Best known for penning literary mysteries with 19th-century themes

  • Spirited teacher honored as a distinguished lecturer in Writing Program
  • Alum learned more in Skom’s seminar than from all of high school English
  • Skom had high expectations for her students and worked hard to help them succeed
  • Memorial service noon Tuesday at Chicago Jewish Funerals, Skokie
EVANSTON, Ill.  --- Edith Skom, a mystery novelist and artist who taught in the Cook Family Writing Program at Northwestern University for three decades, died on Feb. 3.

A spirited and dedicated teacher, Skom joined the writing program faculty in 1978 and retired from the Weinberg College of Arts and Sciences in 2012.

Skom was most widely known for her three literary mysteries: “The Mark Twain Murders,” “The George Eliot Murders” and “The Charles Dickens Murders.” In 1990, “The Mark Twain Murders” was nominated for an Agatha Award, a MacCavity Award and an Anthony Award.  

Published between 1989 and 1998, her books all have a 19th-century literature theme and feature amateur sleuth Professor Beth Austen.

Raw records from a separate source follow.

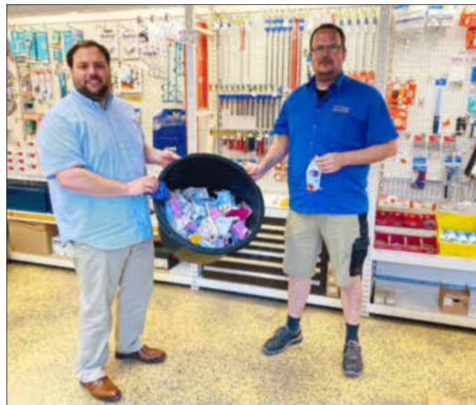
Sammlung von Alltagsmasken
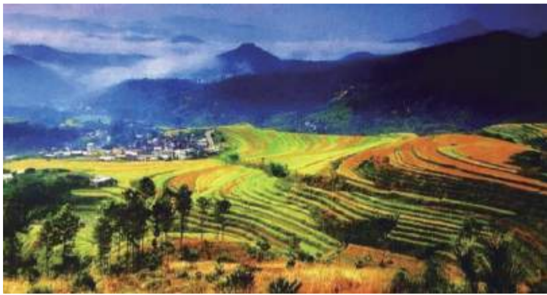
大埔游打卡點坪山梯田

十月的大埔，色彩斑斕，黃色的柚子、綠色的百香果、青色的陶瓷……組成了一幅產業興旺的鄉村振興畫卷。
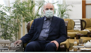
رئیس‌مجلس شورای اسلامی بر تقویت و تحکیم ارتباطات پارلمانی میان مجلس شورای اسلامی و فدراسیون روسیه تأکید کرد.

به گزارش مهر، محمد باقر قالیباف رئیس‌مجلس شورای اسلامی طی تماش تلفنی با «ویاچسلاو والودین» رئیس‌دوای دولتی فدراسیون روسیه گفتگو کرد. قالیباف در ابتدای این گفتگوی تلفنی ضمن تبریک به مناسبت انتخاب مجدد ویاجسلاو والودین به عنوان رئیس‌دوای دولتی فدراسیون روسیه بر تقویت و تحکیم ارتباطات پارلمانی میان مجلس شورای اسلامی و فدراسیون روسیه تأکید کرد.
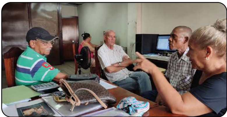
El colectivo de la editorial retoma el sutil olor a libro nuevo.

Llegar a la Editorial El Mar y la Montaña , sentir el olor a libro nuevo y el ruido de la máquina de impresión ríson, es la mayor satisfacción de cada uno de los trabajadores de ese centro.
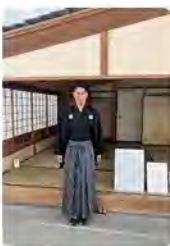
▲なりきり龍馬体験／次回は子どもサイズもあるよ!
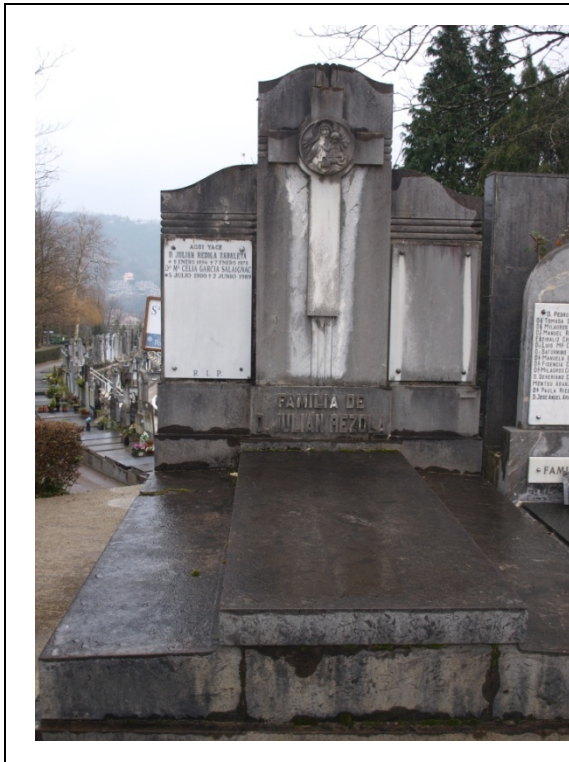
Imagen de la sepultura
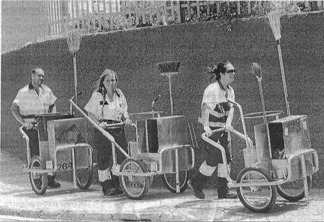
Una cuadrilla de operarios de Limasa en una calle de la capital.

● La dirección de la empresa y los empleados constituyeron ayer la mesa de negociación ● La supresión de la cláusula para heredar los puestos será uno de los puntos más polémicos
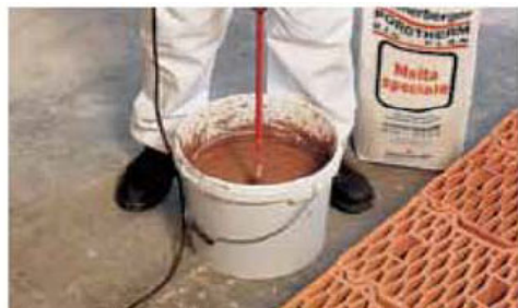
Preparazione della malta speciale
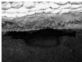
写真 2 SK2 完掘状況 (南より)
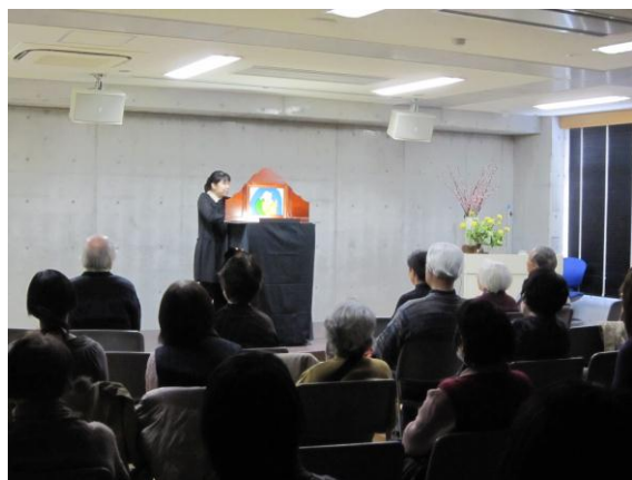
紙芝居・大人の時間
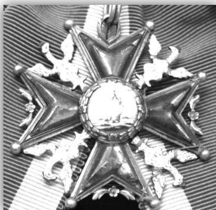
Орден св. Станислава 3-й степени.
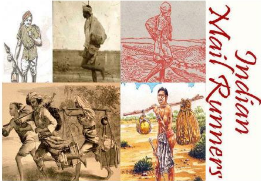
प्राचीन ते मध्ययुगीन काळात डाक तथा पत्र पोहोच करणारे धावपटू

उपलब्ध माहिती नुसार प्राचीन काळात राज्यकर्ते, सामंत, मंडलिक, मोठ मोठे जमीनदार यांनी त्यांच्या त्यांच्या प्रदेशात काय काय चालत आहे. याचे प्रत्येक क्षणाचे बित्त बातमी समजून घेणेसाठी त्यांनी त्यांचे संदेश पोहोच करणेसाठी आणि स्वीकार करणेसाठी स्वतंत्र यंत्रणा उभी केली होती. त्यांनी त्या संदेश वाहकांना संदेश स्वीकारणे आणि पोहोच करणे बाबत प्रशिक्षण दिलेले असायचे त्यामुळे पत्रव्यवहार करणे सोपे होत होते. मानवी संदेश वाहक व्यतिरिक्त प्राचीन काळात कबुतरांचा वापर संदेश वहन किंवा पत्रव्यवहार करणेसाठी करत होते. याकरिता कबुतरांनाही प्रशिक्षण दिले जात असल्याचे दिसून येते. याशिवाय संदेश वाहक आपले कर्तव्य प्रामाणिकपणे पार पाडत होते किंवा नाही यासाठी त्यांच्यावर देखरेख करणेसाठी स्वतंत्र गुप्तहेरची व्यवस्था केलेली होती. १
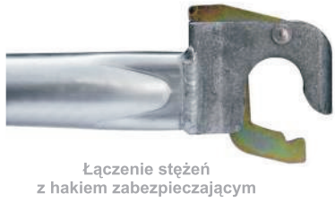
Łączenie stężeń z hakiem zabezpieczającym
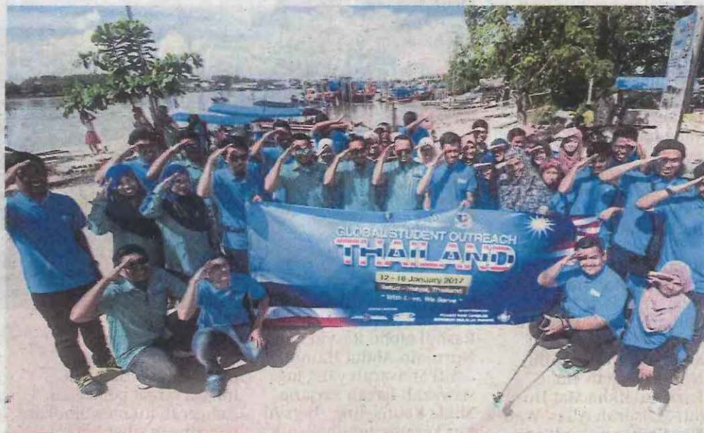
Peserta program mengabadikan kenangan di sekitar Kampung Tammalang.

"Lebih 1,000 orang dalam kalangan masyarakat setempat hadir dalam Forum Perdana disampaikan penceramah jemputan, Pencetus Ummah (PU) Muhammad Hafiz Mohd Haneefa yang banyak berkongsi kisah Nabi Muhammad SAW dan sumbangan baginda kepada Islam sejagat," katanya.
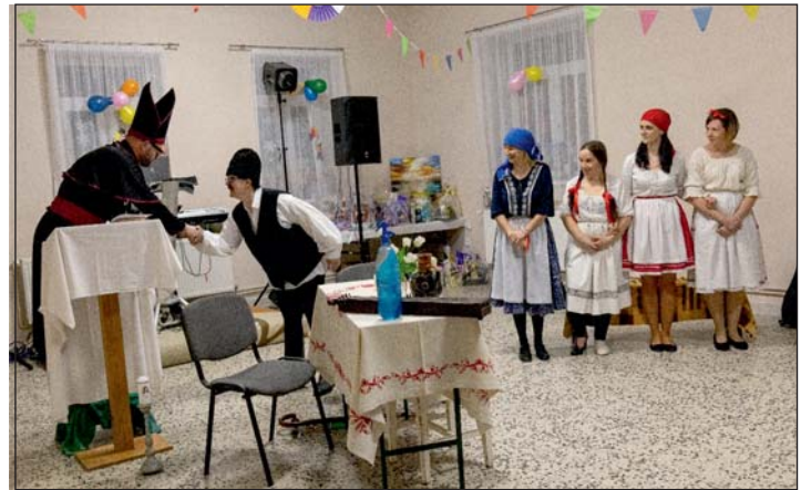
Gazdag volt a kulturális műsor.

Zárásként az igazgató megköszönte a rengeteg támogatást, a tombola-felajánlásokat, a belépőjegyek és pártolójegyek megvásárlását. A szülői munkaközösség és kollégái aktív,
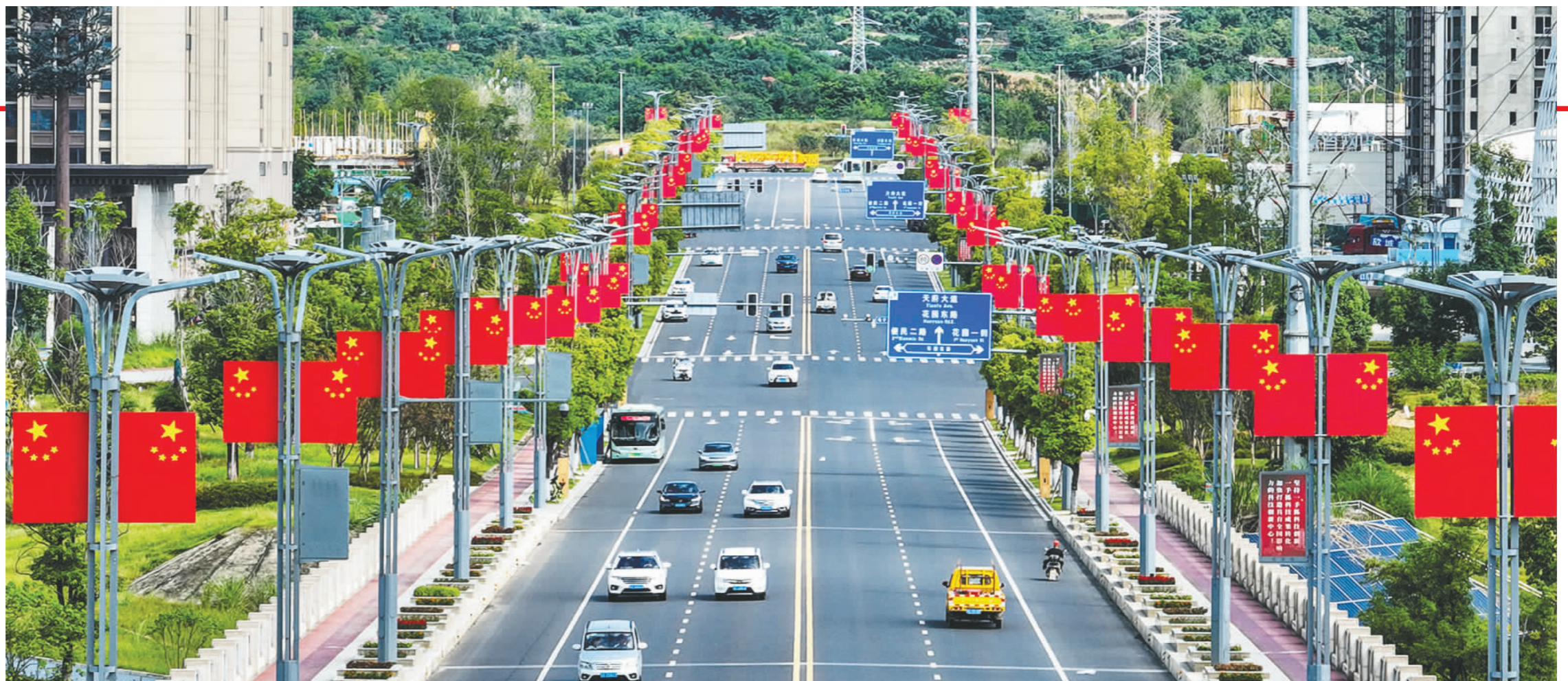
眉山天府新区天府大道新挂的国旗格外鲜亮,喜迎国庆节到来。

国庆将至,近日,在眉山城区及各区县,一面面国旗高高飘扬,一朵朵鲜花竞相绽放,在蓝天白云的映衬下形成了一道靓丽的风景线,满城洋溢“中国红”。
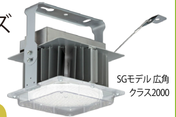
SGモデル 広角 クラス2000

クラス5000(水銀ランプ700形×2器具相当)も登場・寿命60,000時間、豊富なラインアップの高機能SGモデル 200.5lm/Wの高効率で段調光機能など三菱独自のこだわり機能を搭載したHGモデル 手頃な価格設定で汎用性の高いRGモデルの3モデルを発売します。
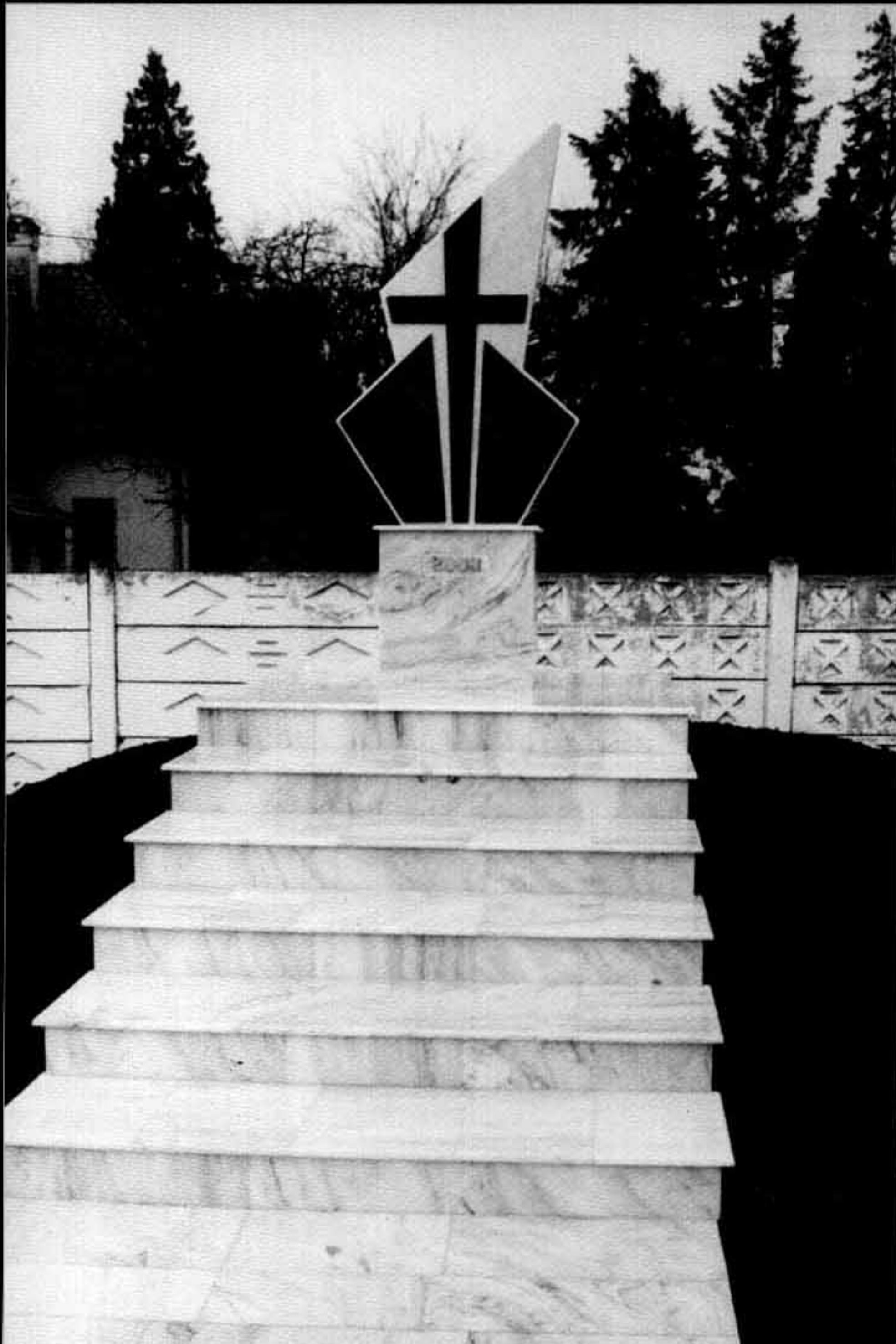
Monumentul de la Cugir
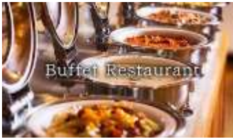
อาหารเย็น : อาหาร บุฟเฟต์ สไตส์ญี่ปุ่น
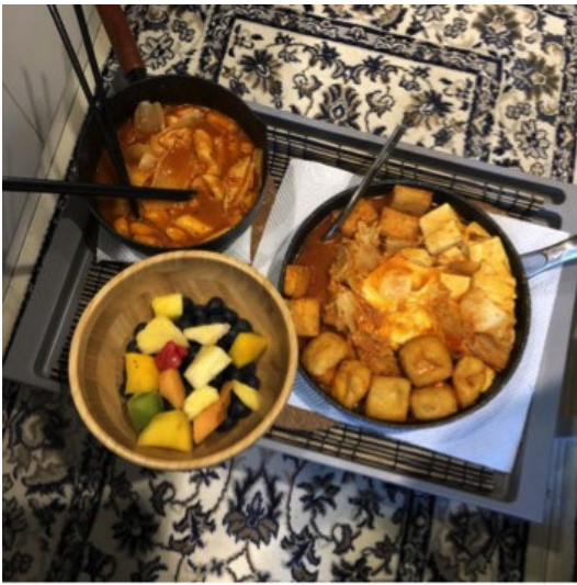
(和好友在studio做的精致一餐)

我在Exeter住的学校的accommodation，是studio的形式，即一间“麻雀虽小五脏俱全”的单身公寓，有独立的小灶台，淋浴间，小冰箱，储物柜，衣橱，书桌，还有一张双人床。住宿环境很舒服，自己慢悠悠地经营小日子也很享受。如果非要挑刺，那就住宿费实在不便宜。如果想在住宿这方面省省的话，也可以选择在校外租房住，租房的渠道可以通过学长学姐networking，提前进入学校群看出租告示等，也可以在学校官方网站的公告栏中寻找，一般可以租到的房型有en suite和studio两种，en suite就是独立卧室和卫生间，与其他室友公用厨房&客厅等公共区域；studio就是我自己住的类型，适合喜欢安静和自由，不追求热闹社交的朋友。

They take place at the fictional "Midwestern University.”

At Northwestern, Skom offered introductory, intermediate and advanced expository writing courses and a popular freshman seminar on mysteries and thrillers.

She had high expectations for her students and worked hard to help them succeed.  

“My freshman seminar with Edith Skom taught me more in one quarter than I had learned in four years of high school English,” said Northwestern alum Karen Russell, whose first novel was nominated for the Pulitzer Prize in fiction.

Skom earned a B.A. in English at the University of Chicago and both an M.A. and a Ph.D. in English at Northwestern. Her literary scholarship on anonymous book reviewing in the 19th century drew considerable interest from fellow scholars.

Based on her excellent teaching and her steady commitment to her work in such service roles as longtime chair of the Writing Program essay awards committee, she earned promotions from lecturer to senior lecturer and, eventually, to Distinguished Senior Lecturer.

Survivors include husband Joseph Skom, retired professor of clinical medicine at Northwestern University Feinberg School of Medicine, daughter Harriet Meyer and three grandchildren.

A memorial service will be held at noon Tuesday at Chicago Jewish Funerals, Skokie Chapel, 8851 Skokie Blvd. in Skokie.

Memorial gifts may be made to The Ark, 6450 North California Ave., Chicago.